*Dataset extract:*
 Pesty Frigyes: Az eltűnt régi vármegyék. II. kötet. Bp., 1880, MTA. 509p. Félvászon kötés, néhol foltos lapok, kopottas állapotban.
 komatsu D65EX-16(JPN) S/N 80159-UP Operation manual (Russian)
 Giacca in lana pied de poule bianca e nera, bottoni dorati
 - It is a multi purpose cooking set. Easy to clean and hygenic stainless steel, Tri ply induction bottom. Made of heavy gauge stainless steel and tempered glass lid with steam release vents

* * *

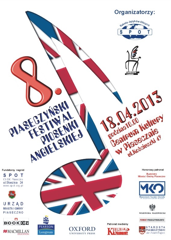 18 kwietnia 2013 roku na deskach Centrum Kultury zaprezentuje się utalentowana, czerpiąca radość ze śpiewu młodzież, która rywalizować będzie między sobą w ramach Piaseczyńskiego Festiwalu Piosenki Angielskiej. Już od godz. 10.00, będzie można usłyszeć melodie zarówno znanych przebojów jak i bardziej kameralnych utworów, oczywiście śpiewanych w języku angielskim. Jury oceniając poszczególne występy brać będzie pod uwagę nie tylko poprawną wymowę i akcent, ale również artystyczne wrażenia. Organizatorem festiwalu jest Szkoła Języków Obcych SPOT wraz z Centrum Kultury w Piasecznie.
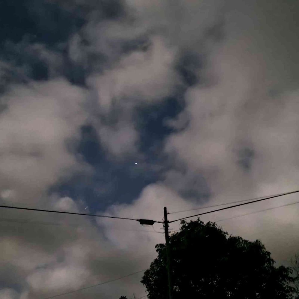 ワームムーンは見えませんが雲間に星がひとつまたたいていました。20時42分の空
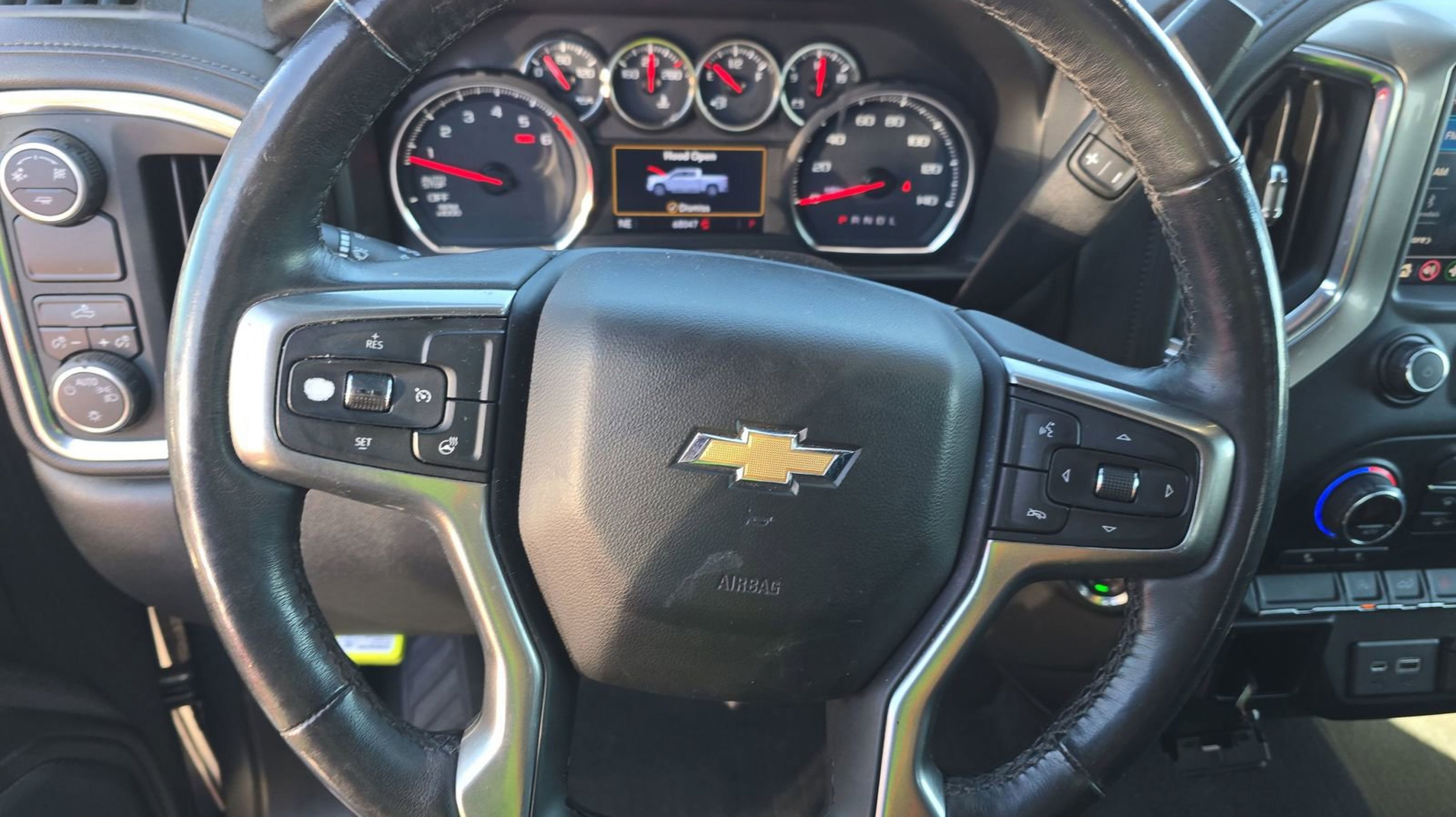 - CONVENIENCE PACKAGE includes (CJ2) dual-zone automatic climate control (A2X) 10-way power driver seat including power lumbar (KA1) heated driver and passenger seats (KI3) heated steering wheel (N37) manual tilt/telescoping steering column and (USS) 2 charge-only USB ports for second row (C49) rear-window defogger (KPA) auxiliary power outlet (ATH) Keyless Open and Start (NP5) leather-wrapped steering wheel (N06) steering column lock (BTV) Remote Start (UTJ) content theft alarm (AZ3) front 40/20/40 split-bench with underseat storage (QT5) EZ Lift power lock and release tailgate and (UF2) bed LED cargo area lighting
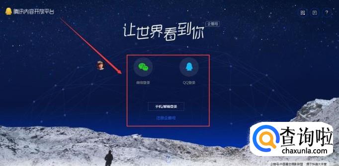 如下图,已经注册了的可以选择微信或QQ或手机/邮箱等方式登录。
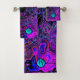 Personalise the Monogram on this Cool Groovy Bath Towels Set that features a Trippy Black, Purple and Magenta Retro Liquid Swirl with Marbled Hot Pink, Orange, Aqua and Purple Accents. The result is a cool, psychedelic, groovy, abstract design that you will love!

*Task statement:* Copy out exactly the lines above beginning with the line that contains "如下图,已经注册了的可以选择微信或QQ或手机/邮箱等方式登录。" and finishing with the line that contains "Personalise the Monogram", including both; leave the pictures out.

*Your response:*
 如下图,已经注册了的可以选择微信或QQ或手机/邮箱等方式登录。
 Personalise the Monogram on this Cool Groovy Bath Towels Set that features a Trippy Black, Purple and Magenta Retro Liquid Swirl with Marbled Hot Pink, Orange, Aqua and Purple Accents. The result is a cool, psychedelic, groovy, abstract design that you will love!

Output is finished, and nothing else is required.